Book Reviews, Literary


<a href="">The Fort</a> Book Cover
The Fort Fiction Harper Paperbacks 496

In the summer of 1779, as the major fighting of the Revolutionary War moves to the South, a British force consisting of fewer than a thousand Scottish infantry and backed by three sloops-of-war sails to the fogbound coast of New England.

Bernard Cornwell writes about war and battle, which means that he also writes about stupidity. Writing about the stupid things officers in charge do when soldiers are in the field is as respectable as Tennyson (someone had blunder’d) and at least as old as Homer (Achilles sulking in his tent), probably older. There is something about military command that brings out the worst in some commanders; whether they are blind, stubborn, pig-headed, cowardly, useless, or just plain dumb, they can lead soldiers into the worst kind of trouble. “I am sick and tired of disaster and the fools that bring disaster upon us,” wrote one New York private about a particularly idiotic Civil War general.

The Revolutionary War battle that Cornwell writes about in THE FORT is an obscure one, whose most famous participants (as Cornwell notes) are better known for their appearance in heroic poetry related to other conflicts.

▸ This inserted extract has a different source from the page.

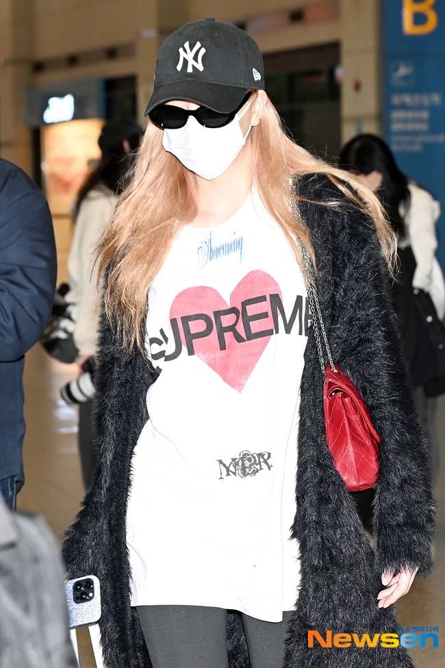 이날 유나는 허벅지까지 길게 내려오는 흰색 티셔츠에 회색 레깅스를 입고 검은색 퍼재킷을 걸쳤다. 여기에 빨간색 체인 숄더백에 검은 선글라스, 회색 볼캡을 착용해 민낯을 센스 있게 가렸다.
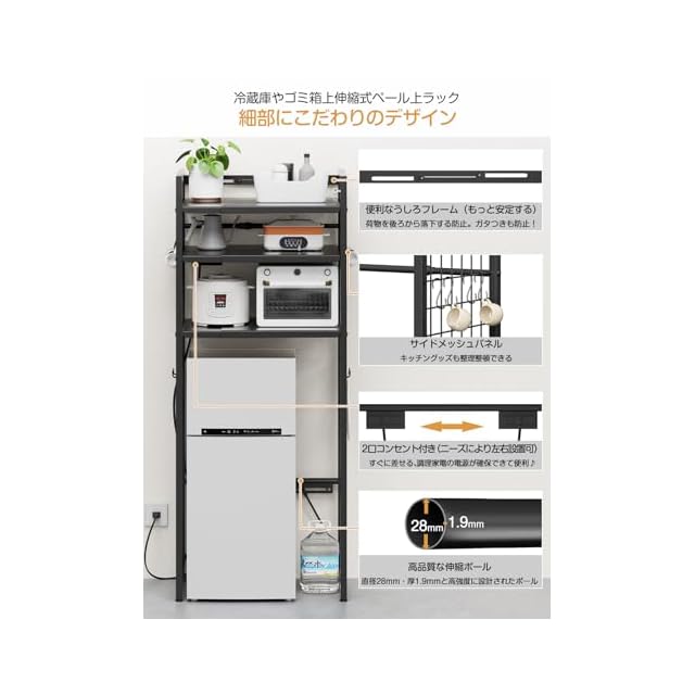 【2口コンセント付き】レンジやトースターなどの電源を確保でき。複数の家電を設置する可能です。※コンセントは家電により左右設置可能。合計で1500ワットまで使えます。 【便利なうしろフレーム(もっと安定する)】荷物を後ろから落下する防止。ガタつきも防止! 【サイドメッシュパネル】キッチングッズも整理整頓できる。 【高品質な伸縮ポール】直径28mm・厚1.9mmと高強度に設計されたポール、さらに長く使える。

The action takes place in Maine, near an obscure settlement with a tongue-twisting Indian name, a short ways up the Penobscot River. The British are building a fort there, which will serve as a base for the Royal Navy to harass rebel shipping in and out of Boston. The Americans respond by sending an expedition to kill or capture the veteran British regiments, and that’s where the trouble starts.

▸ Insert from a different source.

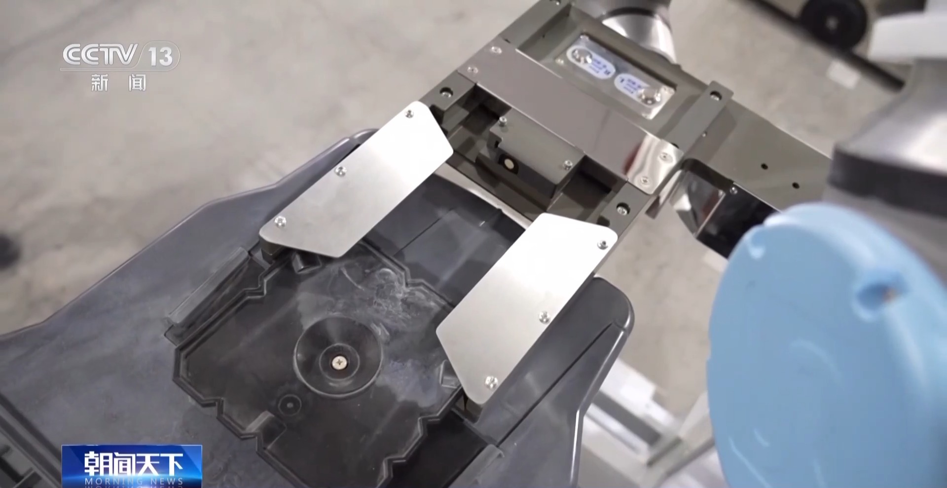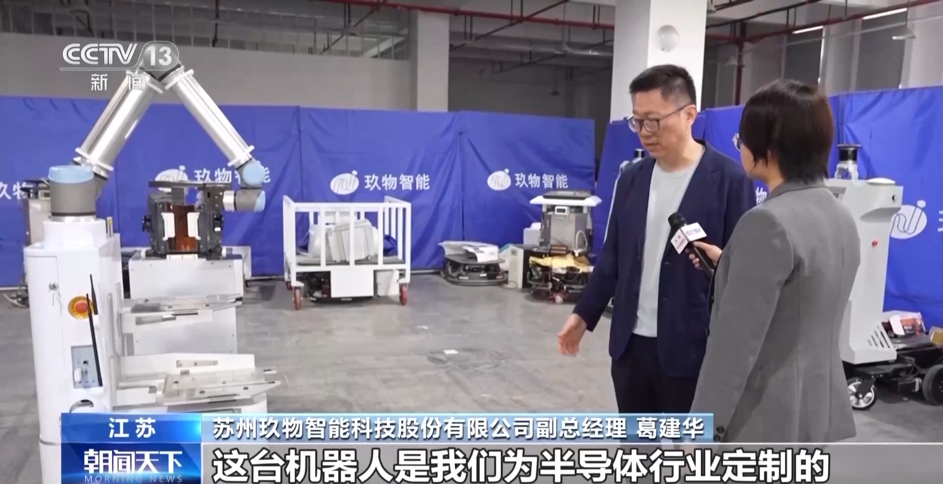 苏州玖物智能科技股份有限公司副总经理 葛建华:这台机器人是我们为半导体行业定制的。我们现在抓取的这个设备,其实是一台晶圆盒,这个晶圆片模型其实特别薄、特别脆,震动稍微厉害一点就会有裂痕,机械臂的精度可以达到0.1毫米。

Because it’s difficult moving overland through the rocky and thickly forested terrain of the Maine coast, the troops have to be sent by water. And since the threat posed by these particular British regiments is mainly to Boston’s commerce, and not to the Continental Army itself, the troops that are available are green Massachusetts militiamen. This requires a great deal of coordination between the Continental Navy ships that are carrying and supporting the militia and the citizen-soldiers who make it up. That did not happen, and Cornwell glories in comparing the petty and small-minded rivalry between the army and navy — as well as between the militia’s army and artillery — with the stiff-upper-lip professionalism of the British.

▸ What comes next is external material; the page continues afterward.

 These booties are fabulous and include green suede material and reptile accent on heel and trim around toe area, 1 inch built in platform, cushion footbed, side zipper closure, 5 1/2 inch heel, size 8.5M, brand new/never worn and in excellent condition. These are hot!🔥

In your typical Bernard Cornwell novel, what happens when you get a situation like this is that the hero — tough-minded, highly skilled, incapable of suffering fools — takes charge and slices through the enemy lines like a rolling ball of butcher knives. This is not a typical Cornwell novel. The biggest hero on the American side is Paul Revere, later to get eternal fame in Longfellow’s poem, and Cornwell paints him as shallow, vain and ineffectual. His counterpart in fame on the British side is Lieutenant John Moore, who will later become a General whose death in Spain fighting Napoleon will be recorded by the poet Charles Wolfe (and by Cornwell in his Richard Sharpe series). Moore is more in the cut of Cornwell’s heroes, but here he is just a young lieutenant getting his first taste of battle.

It is the nature of this particular battle, unfortunately, that it is attended with unimportant political issues, petty rivalries, and unproductive councils of war. What action there is tends to be short and sharp, illuminated by Cornwell’s thorough knowledge of the era’s weapons and tactics, and enlivened by blood and gore sufficient enough for any armchair warrior.

THE FORT will please Cornwell’s loyal readers, as well as fans of Revolutionary-era historical fiction. But there are drawbacks, prominent among them Cornwell’s insistence on giving minor fictional characters names that start with the letter F — a tactic that is more annoying than helpful. The non-military characters, particularly the American Loyalist refugees, aren’t drawn with a great degree of subtlety. And the battle itself is so obscure that one wonders why Cornwell was drawn to the subject matter. But given his prolific and honorable career, no one can fault him for writing about a forgotten piece of history that interests him deeply. THE FORT is an outstanding effort by a master of the genre.